→ DATA PROVIDED:
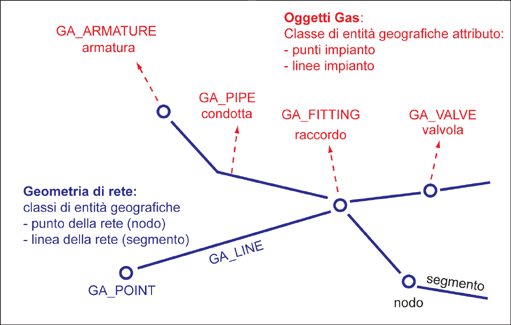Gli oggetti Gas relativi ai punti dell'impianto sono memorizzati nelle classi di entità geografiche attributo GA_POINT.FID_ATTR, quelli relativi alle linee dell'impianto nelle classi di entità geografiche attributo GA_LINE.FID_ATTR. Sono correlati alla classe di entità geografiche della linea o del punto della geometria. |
...
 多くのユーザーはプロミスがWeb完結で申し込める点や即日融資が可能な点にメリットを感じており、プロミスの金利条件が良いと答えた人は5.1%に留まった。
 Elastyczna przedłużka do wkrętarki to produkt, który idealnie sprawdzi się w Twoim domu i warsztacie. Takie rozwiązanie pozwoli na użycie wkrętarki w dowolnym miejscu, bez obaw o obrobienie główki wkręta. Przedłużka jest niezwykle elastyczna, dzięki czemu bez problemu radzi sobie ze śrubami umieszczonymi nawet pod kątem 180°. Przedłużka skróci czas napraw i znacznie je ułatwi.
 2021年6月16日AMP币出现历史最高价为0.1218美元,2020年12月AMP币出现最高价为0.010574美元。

→ WORK REQUEST:
Extract from the records above the lines from the one containing "多くのユーザーはプロミスがW" to the one containing "2021年6月16日AMP币", both lines included, exactly as they appear and with nothing else.

→ WRITTEN ANSWER:
 多くのユーザーはプロミスがWeb完結で申し込める点や即日融資が可能な点にメリットを感じており、プロミスの金利条件が良いと答えた人は5.1%に留まった。
 Elastyczna przedłużka do wkrętarki to produkt, który idealnie sprawdzi się w Twoim domu i warsztacie. Takie rozwiązanie pozwoli na użycie wkrętarki w dowolnym miejscu, bez obaw o obrobienie główki wkręta. Przedłużka jest niezwykle elastyczna, dzięki czemu bez problemu radzi sobie ze śrubami umieszczonymi nawet pod kątem 180°. Przedłużka skróci czas napraw i znacznie je ułatwi.
 2021年6月16日AMP币出现历史最高价为0.1218美元,2020年12月AMP币出现最高价为0.010574美元。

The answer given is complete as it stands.